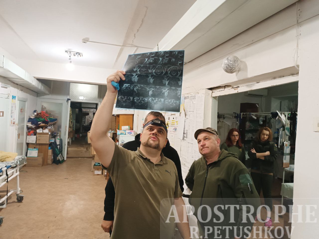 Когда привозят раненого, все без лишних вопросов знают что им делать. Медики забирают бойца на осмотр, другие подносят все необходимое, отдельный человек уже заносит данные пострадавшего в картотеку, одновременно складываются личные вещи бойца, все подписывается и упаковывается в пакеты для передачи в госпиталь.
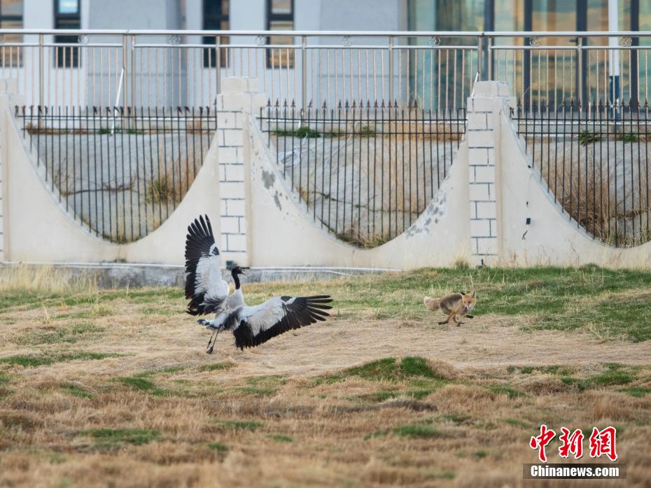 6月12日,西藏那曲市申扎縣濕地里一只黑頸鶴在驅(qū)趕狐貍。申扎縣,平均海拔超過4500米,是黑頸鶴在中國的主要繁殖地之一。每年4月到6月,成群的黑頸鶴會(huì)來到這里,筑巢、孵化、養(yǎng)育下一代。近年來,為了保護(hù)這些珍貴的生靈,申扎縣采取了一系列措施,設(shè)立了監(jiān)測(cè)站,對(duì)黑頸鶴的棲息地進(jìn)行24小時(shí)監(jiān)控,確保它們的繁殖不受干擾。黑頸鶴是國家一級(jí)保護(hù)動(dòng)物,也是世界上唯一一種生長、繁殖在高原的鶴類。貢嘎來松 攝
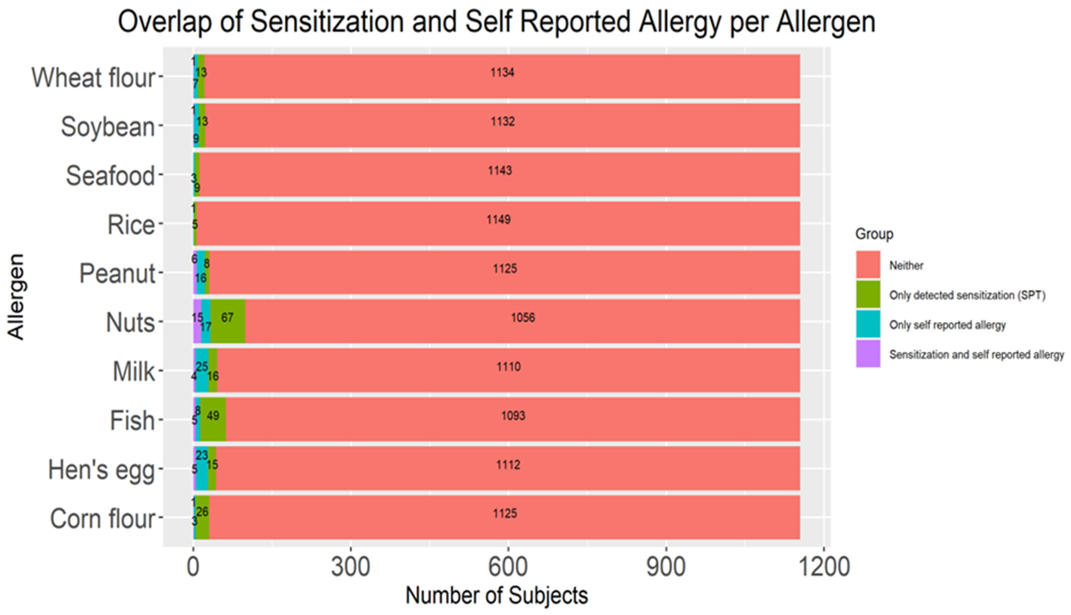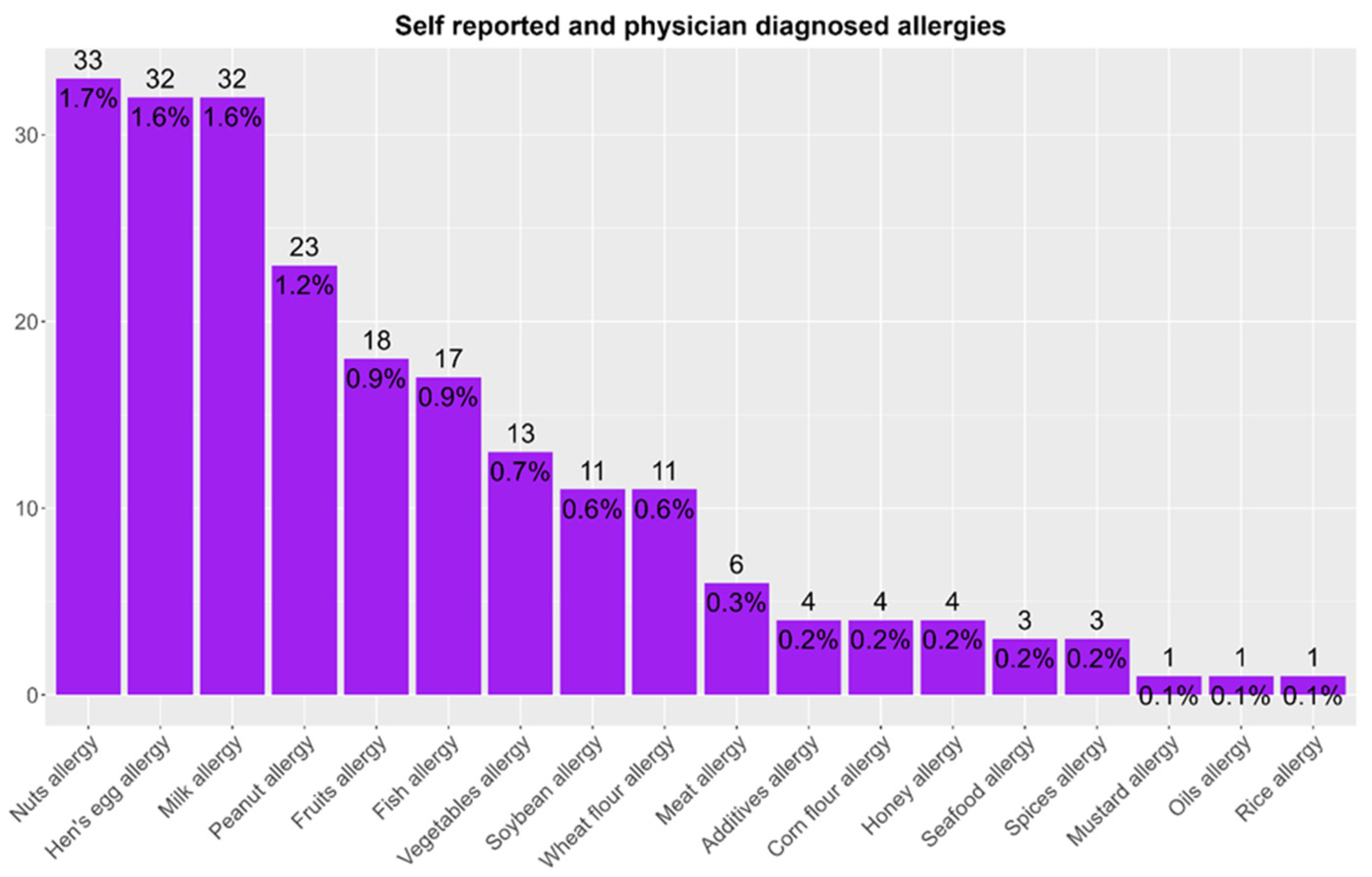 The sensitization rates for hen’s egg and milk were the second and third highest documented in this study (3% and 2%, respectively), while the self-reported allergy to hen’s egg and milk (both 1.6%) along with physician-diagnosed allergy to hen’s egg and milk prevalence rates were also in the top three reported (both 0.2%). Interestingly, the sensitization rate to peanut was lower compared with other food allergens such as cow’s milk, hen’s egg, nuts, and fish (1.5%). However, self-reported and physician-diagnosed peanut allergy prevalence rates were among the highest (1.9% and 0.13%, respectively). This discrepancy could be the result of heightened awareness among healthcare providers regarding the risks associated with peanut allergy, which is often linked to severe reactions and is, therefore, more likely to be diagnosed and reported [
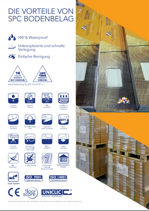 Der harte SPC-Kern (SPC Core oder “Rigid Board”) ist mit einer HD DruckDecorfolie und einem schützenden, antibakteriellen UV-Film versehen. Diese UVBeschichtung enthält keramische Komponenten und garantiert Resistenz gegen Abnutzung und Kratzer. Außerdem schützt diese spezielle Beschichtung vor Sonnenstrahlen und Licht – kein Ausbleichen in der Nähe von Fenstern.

========================================================================

Output all of the data above exactly; no pictures should appear.

 Когда привозят раненого, все без лишних вопросов знают что им делать. Медики забирают бойца на осмотр, другие подносят все необходимое, отдельный человек уже заносит данные пострадавшего в картотеку, одновременно складываются личные вещи бойца, все подписывается и упаковывается в пакеты для передачи в госпиталь.
 6月12日,西藏那曲市申扎縣濕地里一只黑頸鶴在驅(qū)趕狐貍。申扎縣,平均海拔超過4500米,是黑頸鶴在中國的主要繁殖地之一。每年4月到6月,成群的黑頸鶴會(huì)來到這里,筑巢、孵化、養(yǎng)育下一代。近年來,為了保護(hù)這些珍貴的生靈,申扎縣采取了一系列措施,設(shè)立了監(jiān)測(cè)站,對(duì)黑頸鶴的棲息地進(jìn)行24小時(shí)監(jiān)控,確保它們的繁殖不受干擾。黑頸鶴是國家一級(jí)保護(hù)動(dòng)物,也是世界上唯一一種生長、繁殖在高原的鶴類。貢嘎來松 攝
 The sensitization rates for hen’s egg and milk were the second and third highest documented in this study (3% and 2%, respectively), while the self-reported allergy to hen’s egg and milk (both 1.6%) along with physician-diagnosed allergy to hen’s egg and milk prevalence rates were also in the top three reported (both 0.2%). Interestingly, the sensitization rate to peanut was lower compared with other food allergens such as cow’s milk, hen’s egg, nuts, and fish (1.5%). However, self-reported and physician-diagnosed peanut allergy prevalence rates were among the highest (1.9% and 0.13%, respectively). This discrepancy could be the result of heightened awareness among healthcare providers regarding the risks associated with peanut allergy, which is often linked to severe reactions and is, therefore, more likely to be diagnosed and reported [
 Der harte SPC-Kern (SPC Core oder “Rigid Board”) ist mit einer HD DruckDecorfolie und einem schützenden, antibakteriellen UV-Film versehen. Diese UVBeschichtung enthält keramische Komponenten und garantiert Resistenz gegen Abnutzung und Kratzer. Außerdem schützt diese spezielle Beschichtung vor Sonnenstrahlen und Licht – kein Ausbleichen in der Nähe von Fenstern.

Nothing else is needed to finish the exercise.